The expression of several clock genes oscillates in wild-type flies. Two of the proteins encoded by these genes, TIM and PER, regulate their own expression through a feedback loop. TIM binds to and stabilizes PER, and allows both proteins to move to the nucleus, where their presence switches off their further synthesis. After several hours, PER and TIM decay, reinitiating the 24-hour cycle of synthesis and inhibition.

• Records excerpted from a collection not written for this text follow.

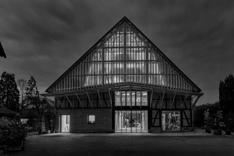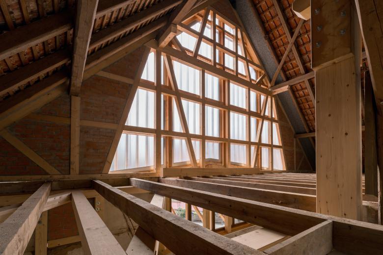 Beim Durchlaufen der Scheune überlagern sich enge und weite Räume sowie Licht und Schatten, wodurch jeweils unterschiedliche Raumqualitäten entstehen. An der Südfassade zum Haupteingang werden Felder im Fachwerk geöffnet, um Tageslicht ins Innere zu lassen. Tagsüber verstärkt der Lichteinfall die Raumwahrnehmung, da der gesamte Dachraum ausgeleuchtet wird. Bei Einbruch der Dunkelheit tritt die innere Struktur nach aussen und wird zum markanten Leuchtkörper für Passant*innen. In der grossen Dachfläche kann auf zusätzliche Öffnungen verzichtet werden.
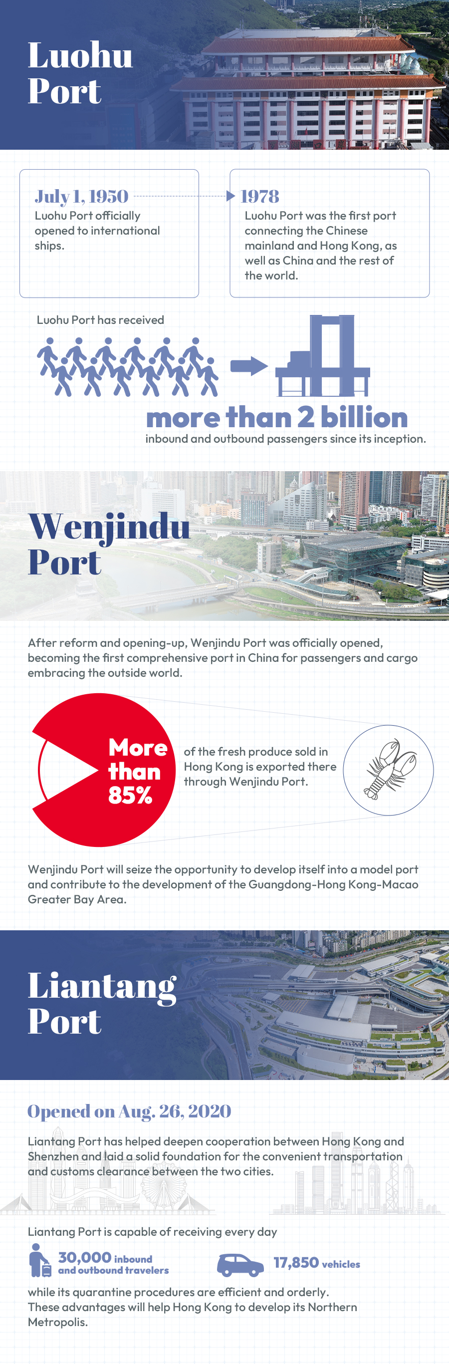 Luohu Port in Nanhu is the first port connecting Hong Kong and the Chinese mainland and also the port with the largest passenger flow between Shenzhen and Hong Kong.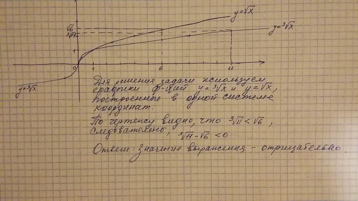 Как без калькулятора определить знак выражения: ^3V(11) - V(6) (то бишь разность кубического корня из 11 и квадратного корня из 6) ?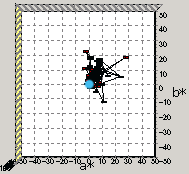 それが端的にわかるのがa*b*平面で表示させてみた場合である。a*方向すなわち赤色方向は多いのに対して、b*の小さい方向つまり緑方向などには妙に点がないことがわかるだろう。今のユニクロは緑を何故か避けているのである。緑の純色のフリースは人気がないのだろうか?う〜ん、不思議なところだ…

The circadian clock adjusts to environmental light through CRY, which in flies is a novel photoreceptor that binds to TIM in the presence of light and promotes TIM’s rapid degradation, pausing the clock until TIM can re-accumulate in the dark. Young’s lab has discovered that the enzyme casein kinase 1 (DBT) further regulates the pace of this 24-hour molecular clock by limiting the longevity of the PER protein during each circadian cycle, and especially by removing PER when TIM is absent. Most of the genes composing the Drosophila clock, and the cycling intracellular mechanism they direct, are well conserved throughout the animal kingdom. Young’s lab recently identified a human CRY variant associated with a form of delayed sleep phase disorder (DSPD) that may affect approximately one in 75 individuals of non-Finnish European ancestry. The most commonly diagnosed type of circadian rhythm sleep disorder, DSPD is characterized by a persistent and intractable delay of sleep onset and offset times relative to the societal norm.

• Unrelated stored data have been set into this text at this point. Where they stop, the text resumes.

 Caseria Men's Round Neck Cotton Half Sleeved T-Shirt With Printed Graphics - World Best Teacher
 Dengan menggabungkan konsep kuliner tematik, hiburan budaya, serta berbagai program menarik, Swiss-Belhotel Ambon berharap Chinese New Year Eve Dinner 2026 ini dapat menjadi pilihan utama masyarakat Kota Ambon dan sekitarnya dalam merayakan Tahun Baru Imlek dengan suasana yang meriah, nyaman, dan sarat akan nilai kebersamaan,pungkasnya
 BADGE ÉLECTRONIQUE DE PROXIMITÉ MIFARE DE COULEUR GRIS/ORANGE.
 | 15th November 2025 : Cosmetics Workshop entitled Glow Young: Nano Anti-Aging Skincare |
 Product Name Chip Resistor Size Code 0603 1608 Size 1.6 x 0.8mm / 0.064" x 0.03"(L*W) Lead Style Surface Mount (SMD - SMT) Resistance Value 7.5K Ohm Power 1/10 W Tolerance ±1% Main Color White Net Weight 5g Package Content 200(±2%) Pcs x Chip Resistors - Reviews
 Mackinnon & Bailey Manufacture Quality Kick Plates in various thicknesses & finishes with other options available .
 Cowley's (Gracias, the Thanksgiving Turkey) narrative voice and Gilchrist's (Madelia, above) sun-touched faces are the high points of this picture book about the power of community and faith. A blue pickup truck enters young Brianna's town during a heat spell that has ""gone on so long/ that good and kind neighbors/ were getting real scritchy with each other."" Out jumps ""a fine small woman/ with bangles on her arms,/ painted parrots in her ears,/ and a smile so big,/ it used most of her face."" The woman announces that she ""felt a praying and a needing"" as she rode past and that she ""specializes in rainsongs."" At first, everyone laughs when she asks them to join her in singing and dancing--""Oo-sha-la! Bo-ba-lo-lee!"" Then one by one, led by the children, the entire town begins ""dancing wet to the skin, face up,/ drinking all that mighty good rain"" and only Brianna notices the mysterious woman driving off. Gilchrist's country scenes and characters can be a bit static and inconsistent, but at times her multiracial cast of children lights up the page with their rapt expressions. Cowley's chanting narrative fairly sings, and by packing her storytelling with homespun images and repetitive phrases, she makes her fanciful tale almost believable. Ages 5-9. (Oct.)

In another area of their research, lab members are using Drosophila to study the effects of social isolation on behavior and gene expression in the brain. Chronic social isolation causes a fly to lose sleep and over-eat, much like loneliness-associated behaviors in humans. These behaviors are driven by activities in a small group of neurons in the central brain of the fly. Inactivation of these neurons suppresses the aberrant behavior associated with isolation. Conversely, artificial activation of the same neurons causes misperception of acute social isolation as chronic social isolation, resulting in sleep loss and increased feeding.

Young is a faculty member in the David Rockefeller Graduate Program, and the Tri-Institutional M.D.-Ph.D. Program.